HALIHAN: Right, so we've had a lot of seismicity that's happened out in rural areas, and the folks in the rural areas don't appreciate it very much. But we've had a couple recently right underneath Edmond, which is one of our very populated areas with a lot of people sitting on top of it. So it's made a lot of press lately.

CORNISH: We mentioned earlier about the quakes being connected to oil and gas production. Obviously, people have heard about fracking. Can you help us understand how this works? What's causing the quakes?

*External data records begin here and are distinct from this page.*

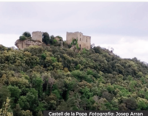
Castell de la Popa

A la tornada no volíem baixar per el mateix camí aleshores baixant per la pista i agafant dreceres per evitar arribar a la carretera vam arribar els cotxes i cap a dinar.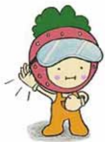
海老名市自殺予防対策キャラクター「こちこちくん」

あなたの周りに、悩みを抱えて苦しんでいる人はいませんか? 気になる人には優しく声をかけてみてください。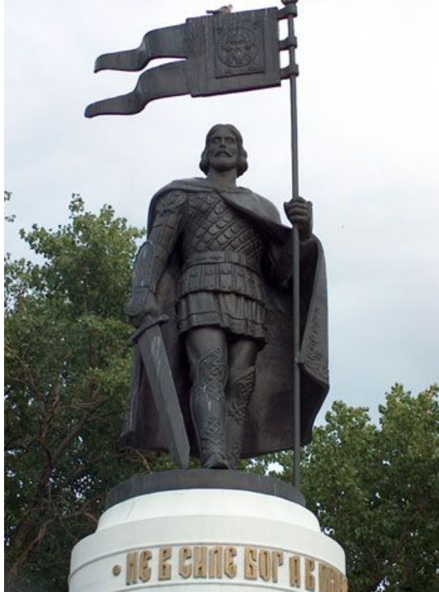
Памятник Великому князю Александру Невскому в Курске, Россия.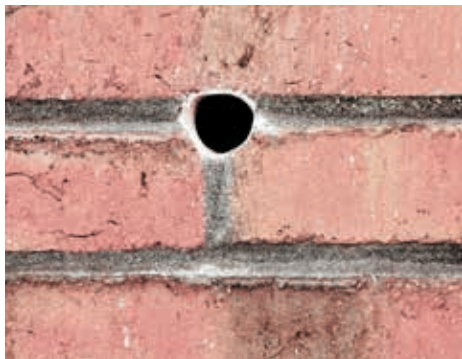
Kun et lille hul i fugen er nødvendig.

Thermofloc papirisolering er et organisk materiale og kan derfor absorbere fugten i en hulmur. Kort sagt vil fugten blive transporteret til et større område i hulumuren og vil blive afgivet igen, når forholdene tillader det. Man undgår derfor fugtskader.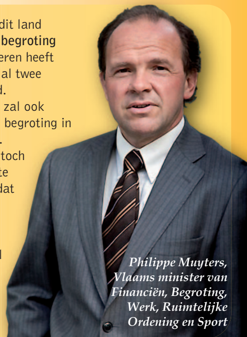
Philippe Muylers, Vlaams minister van Financiën, Begroting, Werk, Ruimtelijke Ordening en Sport

Als enige overheid in dit land heeft Vlaanderen een begroting in evenwicht. Vlaanderen heeft de voorbije twee jaar al twee miljard euro bespaard. De Vlaamse Regering zal ook de volgende jaren een begroting in evenwicht voorleggen. Als er geleidelijk aan toch wat budgettaire ruimte komt, investeren we dat zoals Europa vraagt: in onze economie (O&O, infrastructuur, werk ...) en in sociaal beleid (kinderopvang, wachtlijsten gehandicapten, kindpremie ...).

HALIHAN: So when you're producing oil and gas, you're actually pumping a water well, and you happen to get some oil and gas out of it. And so in some formations, you get mostly oil, which is a great thing to do. In ours, you're getting about 10 gallons of water per gallon of oil. And then you have this leftover salty water that you can't do much with. It's much saltier than ocean water, and so the only choice that they found was we could put it down to depth and dispose of it. That process, for a very long time, has worked very, very effectively. But in the modern day with higher volumes and higher rates, it's caused seismicity. For us, that's not been something we've had to deal with previously until a few years ago.

CORNISH: So what steps has the state taken to try and counter this pattern? What are they asking the companies to do differently?

HALIHAN: So when they design an injection well, it's designed to protect the fresh water up above and keep it from coming into the surface or coming into groundwater where people are drinking. When you design for seismicity, you want to design to protect the well from the water going down below where you're injecting. And so they've done a lot of changes to the wells to try to prevent water from getting down into the - what we call the granitic basement and finding faults down there that it can lubricate and move. And so that change from protecting the upper part of the well to changing the lower part of the well - they put out some mandates saying, we'd like you to modify your wells in these ways if you're in the seismically active areas.

CORNISH: Are there any seismologists or researchers out there who still say that the link isn't strong enough - who are denying a connection?

HALIHAN: There are still some people that the pattern for this type of activity is not a really clean one. It's not, hey, there's an injection well, and you made an earthquake right next to it. It's that there's an injection well, and miles away, there's an earthquake. And so the pattern isn't really simple. And in Okla., if you're miles away from an injection well, you're close to another injection well. And so figuring out what caused it and where - that pattern isn't simple. It's really difficult to say, yes, we're really, really certain about this and that. But what you can check is when the rates have been lowered or wells have been shut in, seismicity has dropped, so that's a pretty good indicator that there's that nice connection where you see that those changes and injection have resulted in less seismicity in some areas.

CORNISH: What does this mean for states who are watching Okla. and try to figure out how to regulate this kind of activity in their communities?

HALIHAN: Well, one of the tricks is - is that you need to get the technical components out in the front. And that's been done in the airline industry. And I talk about if you have a plane crash, they don't want that to happen, but there's a neutral technical group that can look at that and make a call on it. It's difficult in the oil industry because there's not that neutral ref to say, what's the next step? And so I think what we're going to be looking at is, how do we properly address these problems so the public is comfortable, but the energy industry can operate with some certainty? And that balance is something that's difficult in the energy industry because there's no referee.

CORNISH: Todd Halihan is a professor in the School of Geology at Oklahoma State. Thank you so much for speaking with us.